=== TASK PROMPT ===
When you copy the listing, skip the images and return each line verbatim.

=== DATA ===
= = = =

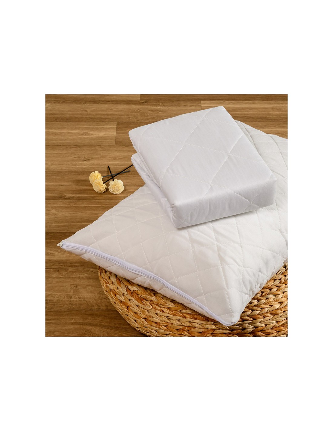 Προστατευτικές μαξιλαροθήκες με καπιτονέ εξωτερική επιφάνεια από ύφασμα 35% βαμβακερό - 65% Polyester και αδιάβροχη μεμβράνη πολυουρεθάνης PU εσωτερικά για άριστη προστασία των μαξιλαριών σας από λεκέδες, υγρασία & μικροοργανισμούς. Κλείνουν με φερμουάρ για σταθερή εφαρμογή.
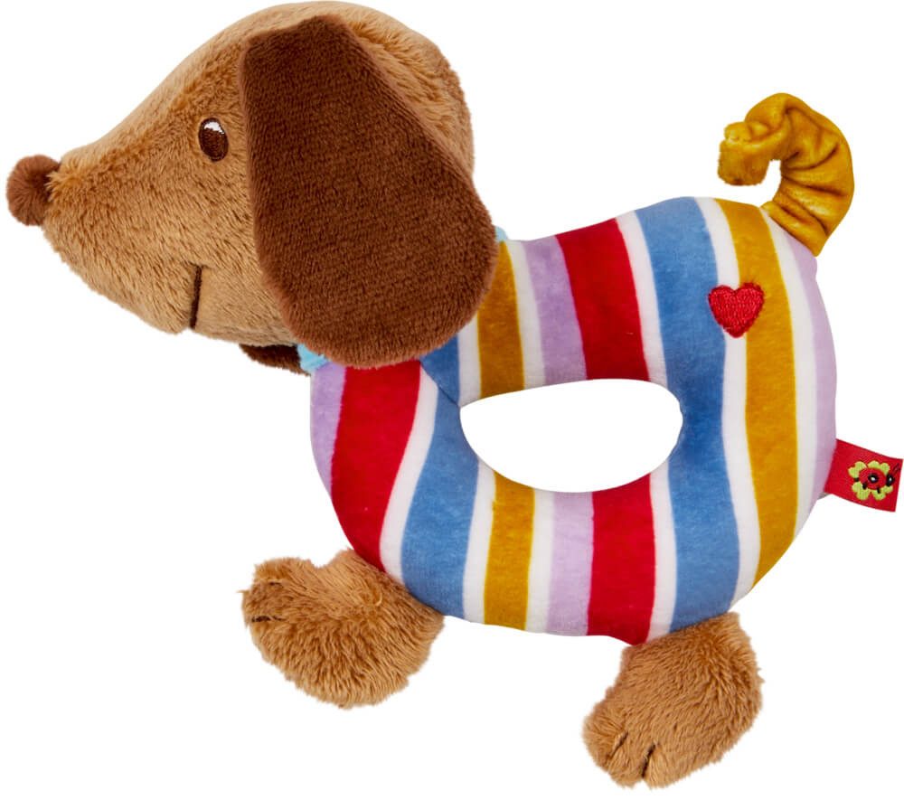 Die kuschelweiche Ringrassel im trendigen Dackel-Design ist das absolute Must-Have für Spieldecke, Wickeltisch und Kindersitz. Der sanfte Klang der Rassel weckt Babys Neugier und lädt zu ersten Greifversuchen ein. Das besondere Design mit liebevoller Stickerei verzaubert dabei Groß und Klein. Egal ob zur Geburt, zur Taufe oder zum ersten Geburtstag: für (werdende) Eltern, Großeltern und Freunde, die auf der Suche nach einer langlebigen Geschenkidee sind, ist BabyGlück die perfekte Wahl. Handwäsche empfohlen.
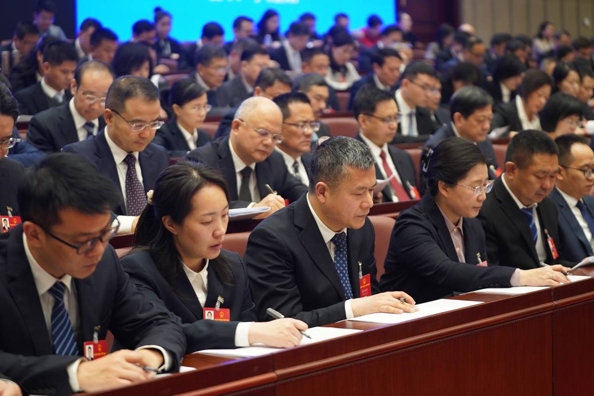 1月27日,湖北省十四届人大四次会议开幕会,代表们认真听取政府工作报告。(湖北日报全媒记者 魏铼 摄)
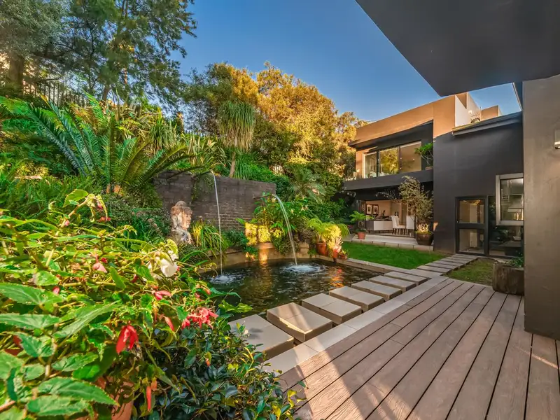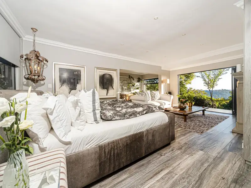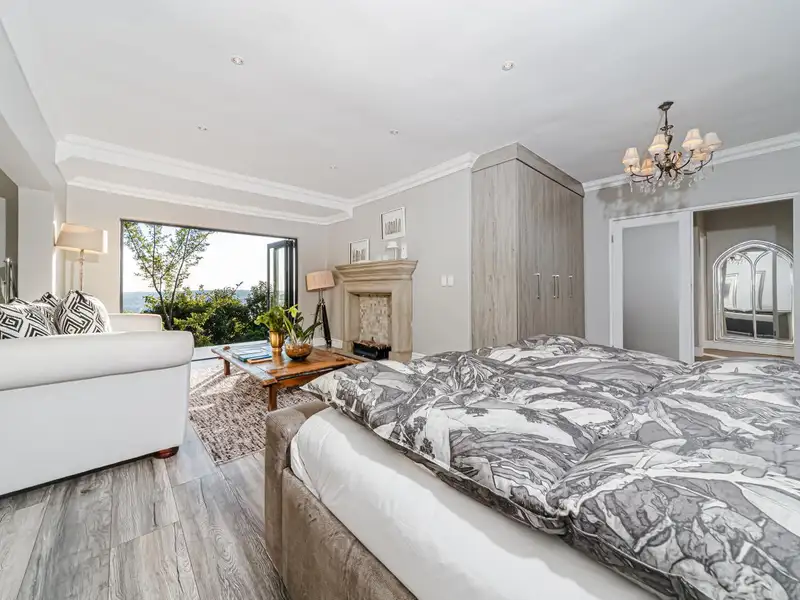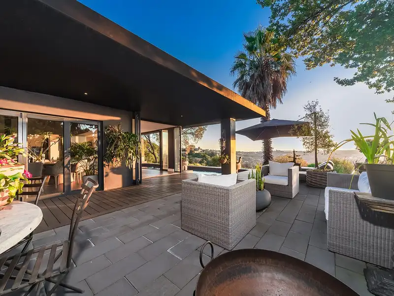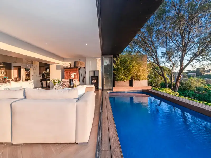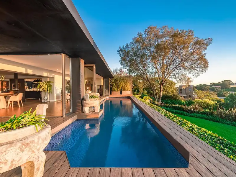 Stepping through the grand glass doors, youΓÇÖre welcomed by a light-filled, open-plan interior where spaces flow effortlessly. A striking double-sided fireplace anchors the lounge and dining room, casting warmth across the elegant wood-look flooring. Floor-to-ceiling stacker doors peel away to reveal a private timber deck and a heated mosaic swimming poolΓÇöperfect for soaking up the sun or enjoying twilight views of JohannesburgΓÇÖs skyline.
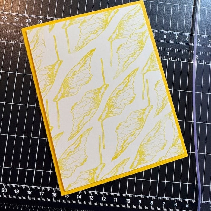 Add the thin leaf to a 4x5.25" Ivory panel in Yellow Ink. Allow the stamped images to "fall" off the edges to create a realistic all-over print. Adhere the panel to a folded Yellow card base.
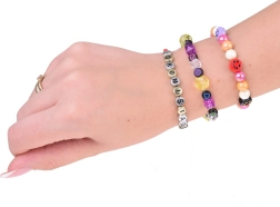 Široka paleta odtenkov in oblik, vključno s kroglicami s črkami, vam omogoča ustvarjanje edinstvenih zapestnic, ogrlic in obeskov povsem po vaši domišljiji.

= = = =

=== SOLUTION FOR THIS EXERCISE ===
 Προστατευτικές μαξιλαροθήκες με καπιτονέ εξωτερική επιφάνεια από ύφασμα 35% βαμβακερό - 65% Polyester και αδιάβροχη μεμβράνη πολυουρεθάνης PU εσωτερικά για άριστη προστασία των μαξιλαριών σας από λεκέδες, υγρασία & μικροοργανισμούς. Κλείνουν με φερμουάρ για σταθερή εφαρμογή.
 Die kuschelweiche Ringrassel im trendigen Dackel-Design ist das absolute Must-Have für Spieldecke, Wickeltisch und Kindersitz. Der sanfte Klang der Rassel weckt Babys Neugier und lädt zu ersten Greifversuchen ein. Das besondere Design mit liebevoller Stickerei verzaubert dabei Groß und Klein. Egal ob zur Geburt, zur Taufe oder zum ersten Geburtstag: für (werdende) Eltern, Großeltern und Freunde, die auf der Suche nach einer langlebigen Geschenkidee sind, ist BabyGlück die perfekte Wahl. Handwäsche empfohlen.
 1月27日,湖北省十四届人大四次会议开幕会,代表们认真听取政府工作报告。(湖北日报全媒记者 魏铼 摄)
 Stepping through the grand glass doors, youΓÇÖre welcomed by a light-filled, open-plan interior where spaces flow effortlessly. A striking double-sided fireplace anchors the lounge and dining room, casting warmth across the elegant wood-look flooring. Floor-to-ceiling stacker doors peel away to reveal a private timber deck and a heated mosaic swimming poolΓÇöperfect for soaking up the sun or enjoying twilight views of JohannesburgΓÇÖs skyline.
 Add the thin leaf to a 4x5.25" Ivory panel in Yellow Ink. Allow the stamped images to "fall" off the edges to create a realistic all-over print. Adhere the panel to a folded Yellow card base.
 Široka paleta odtenkov in oblik, vključno s kroglicami s črkami, vam omogoča ustvarjanje edinstvenih zapestnic, ogrlic in obeskov povsem po vaši domišljiji.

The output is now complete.